I'll keep updating this thread in case I get blacklisted again.

cheers,

nbusseneau commented 5 years ago

I am also getting similar responses.

Strangely, it does not seem that LBC bans the IP, as it is still working when sending the requests from a browser on the same computer. I am currently checking if adding request headers by copying them from browser to script is working.

alexismoreau commented 5 years ago

how do you send the requests from the browser ?

nbusseneau commented 5 years ago

how do you send the requests from the browser ?

From the Developer Tools, under Network tab. You can craft custom requests from there.

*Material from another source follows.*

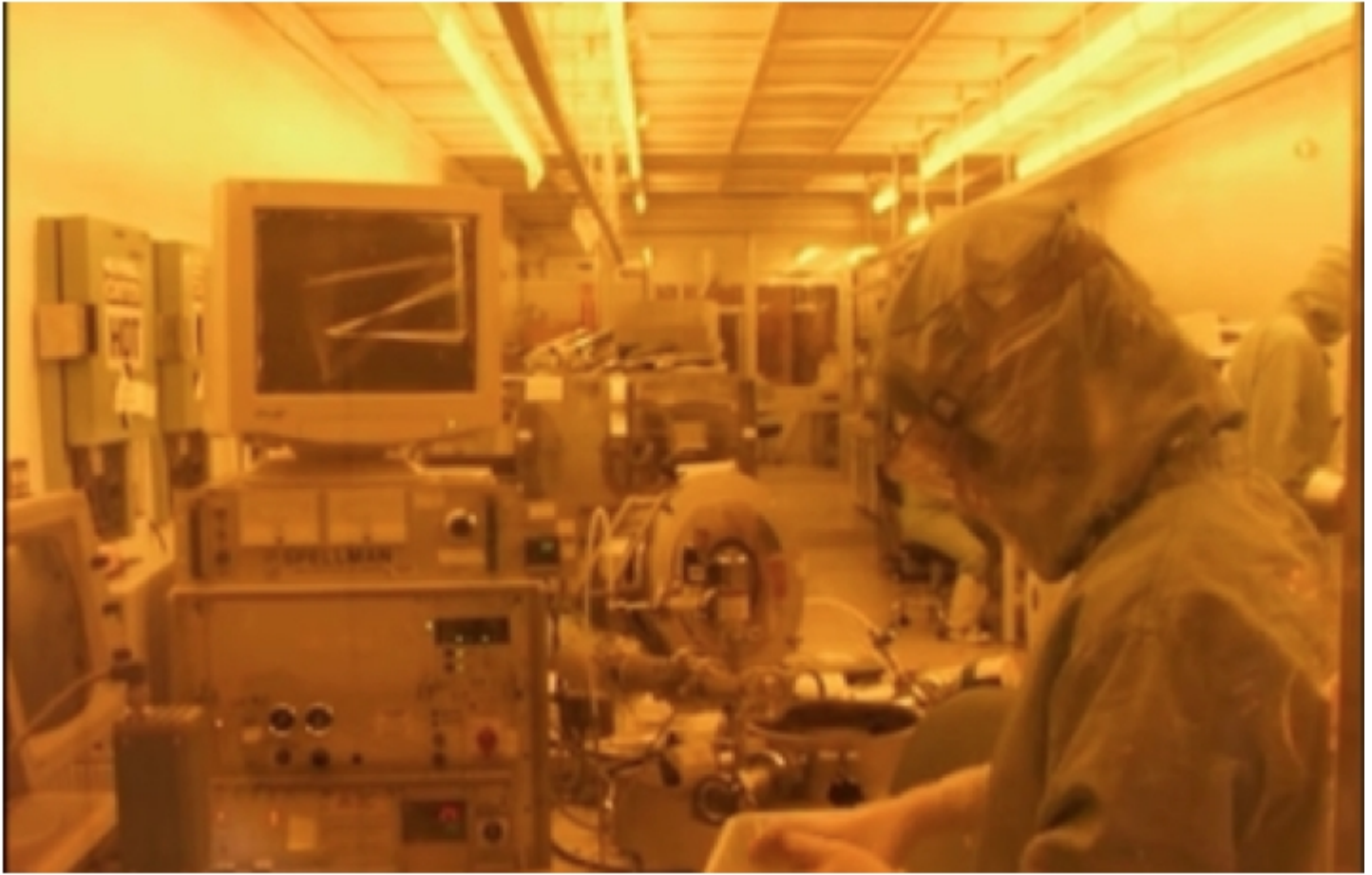
This is the new “mom” in her technocratic place of employment

Or, an easier option in our case: just go to LBC and start a search for something: results will appear. At this point, open Developer Tools under Network tab, then click on the Search button directly from the results page: you will see a new request to the API pop up in Network tab. I suspect this is actually how this lib was reverse engineered in the first place ;)

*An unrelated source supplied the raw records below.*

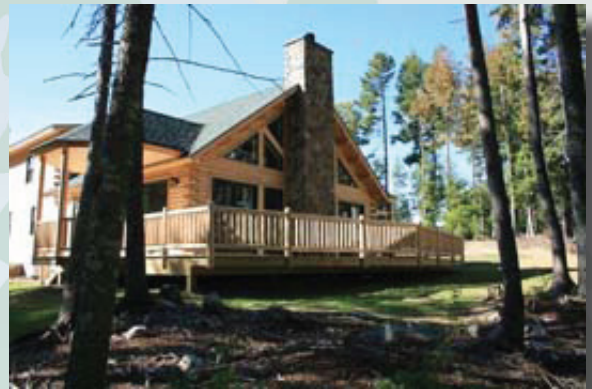
The Kathadin 2,274 sq. ft., 3 Bedrooms, 3.5 Baths 1.95 Acres, 270 ft. Shoreline $395,000

Contact: 207 454-2480 or interest@cathanceshoresllc.com www.cathanceshoresllc.com
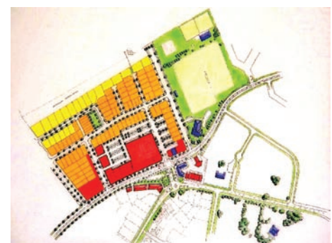
Plan for proposed indicative town centre expansion
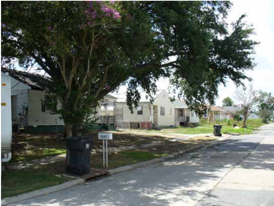
9. View of south area adjacent to the site, Warrington Drive, east side.
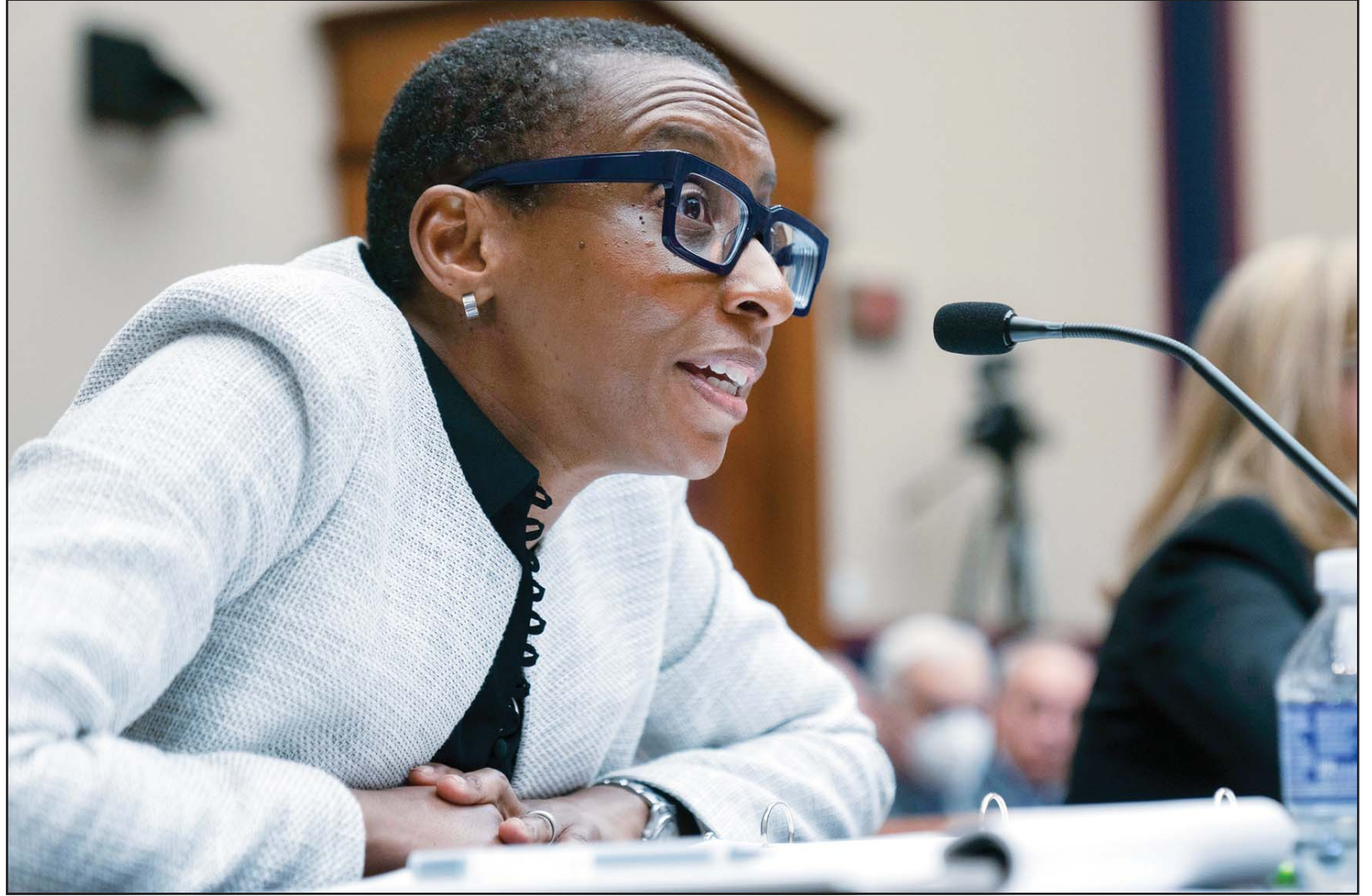
Harvard President Claudine Gay, left, speaks as University of Pennsylvania President Liz Magill listens during a hearing of the House Committee on Education on Capitol Hill, Tuesday, Dec 5, 2023 in Washington. Gay will remain leader of the prestigious Ivy League school following her comments last week at a congressional hearing on antisemitism, the university's highest governing body announced Tuesday, Dec 12.

Tusk said it hurts him to hear that Ukraine's President Volodymyr Zelenskyy has to keep trying to persuade world leaders about the need to continue supporting Kyiv's struggle against Russia. Ukraine's troubles are deepening as winter sets in and allies are growing tired of funding its defense.
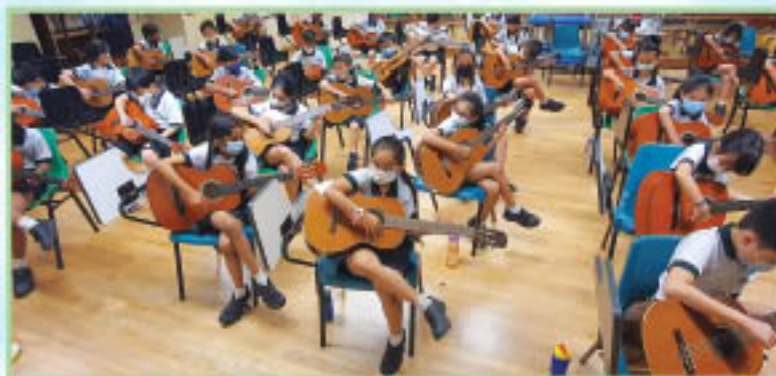
Learning how to play a simple tune during the Guitar CCA Experience
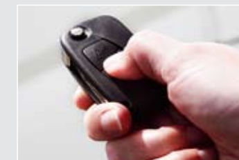
Central locking Remote central locking of cab doors and entrance door

Classic exterior styling and luxurious and spacious interiors combine to ensure the E600 range provides the ultimate in motorhome touring in this market sector. Offering one new layout, the E600 range now comes with a choice of two new fuel saving, low-line models with panoramic opening 'Skyview' roof window and spacious over cab lockers in addition to two high-line models. All models also now feature a recessed awning as standard.

nbusseneau commented 5 years ago

I can confirm that adding the following three headers has solved the issue, albeit it might be temporary:

"User-Agent": "BOOYAKA",
"Accept-Language": "artiche",
"Accept-Encoding": "please do me all the needful",

As you can see, the actual values for these headers do not really matter, it seems just having them present is enough to fool the API.

I will make a PR with more acceptable values.

nbusseneau commented 5 years ago

Apparently the changes in #56 are not enough to fix the issue for @alexismoreau. Perhaps there is more to be discovered? Can we reverse engineer their API blocking strategy? :P

Can you try on your production environment by using actual headers from a browser as suggested in my comment above? See if there's something that works if you actually try to be treated as a regular browser. If it still does not work even with the exact same headers as a browser, is the response still the same or is it something else?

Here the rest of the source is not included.